## What to work on
Return the material exactly, first line through the line containing "这不,近日林更新被骂来活了,霍建华被骂不", and nothing more. Pictures stay out.

## Supplied information
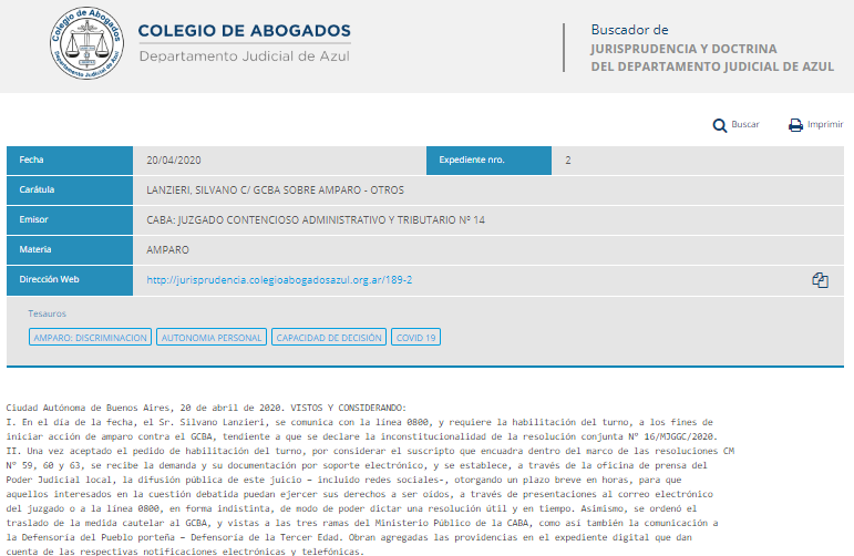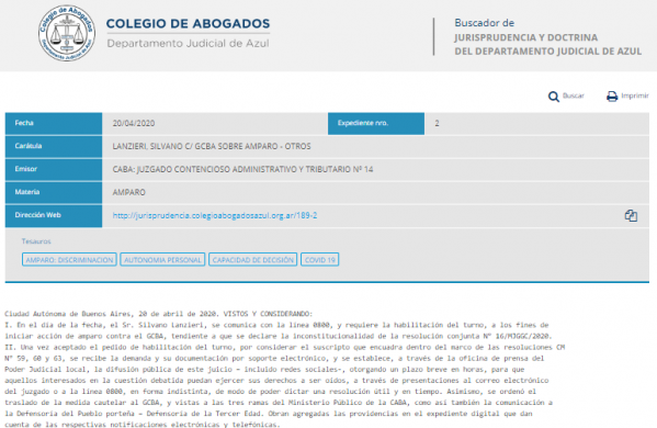 En fecha 20 de abril de 2020, el Juzgado en lo Contencioso Administrativo y Tributario de la Ciudad Autónoma de Buenos Aires en los autos " LANZIERI, SILVANO CONTRA GCBA SOBRE AMPARO - OTROS" Número: EXP 3045/2020-0, declarar la inconstitucionalidad de los arts. 2° y 3° de la resolución conjunta MSJGM N° 16/2020, por que importa una discriminación en razón de la edad, que vulnera los derechos y las garantías del grupo etario al cual se encuentra destinada, al imponer una exigencia mayor y distintiva del resto de la población.
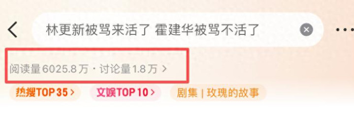这不,近日林更新被骂来活了,霍建华被骂不活了,瞬间冲上热搜,评论区炸锅,阅读量直奔6千万。
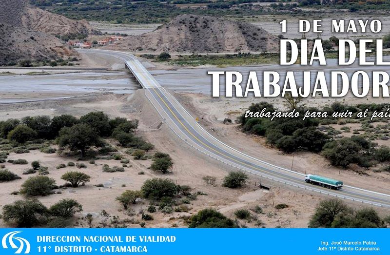 Mediante una tarjeta, el administrador del 11º Distrito Catamarca de la DNV, Ing. José Marcelo Patria, envió un saludo a todos los trabajadores argentinos en su día, y en especiales a los viales nacionales por su labor cotidiana, “trabajando para unir al país”, precisó.

## Finished exercise
 En fecha 20 de abril de 2020, el Juzgado en lo Contencioso Administrativo y Tributario de la Ciudad Autónoma de Buenos Aires en los autos " LANZIERI, SILVANO CONTRA GCBA SOBRE AMPARO - OTROS" Número: EXP 3045/2020-0, declarar la inconstitucionalidad de los arts. 2° y 3° de la resolución conjunta MSJGM N° 16/2020, por que importa una discriminación en razón de la edad, que vulnera los derechos y las garantías del grupo etario al cual se encuentra destinada, al imponer una exigencia mayor y distintiva del resto de la población.
这不,近日林更新被骂来活了,霍建华被骂不活了,瞬间冲上热搜,评论区炸锅,阅读量直奔6千万。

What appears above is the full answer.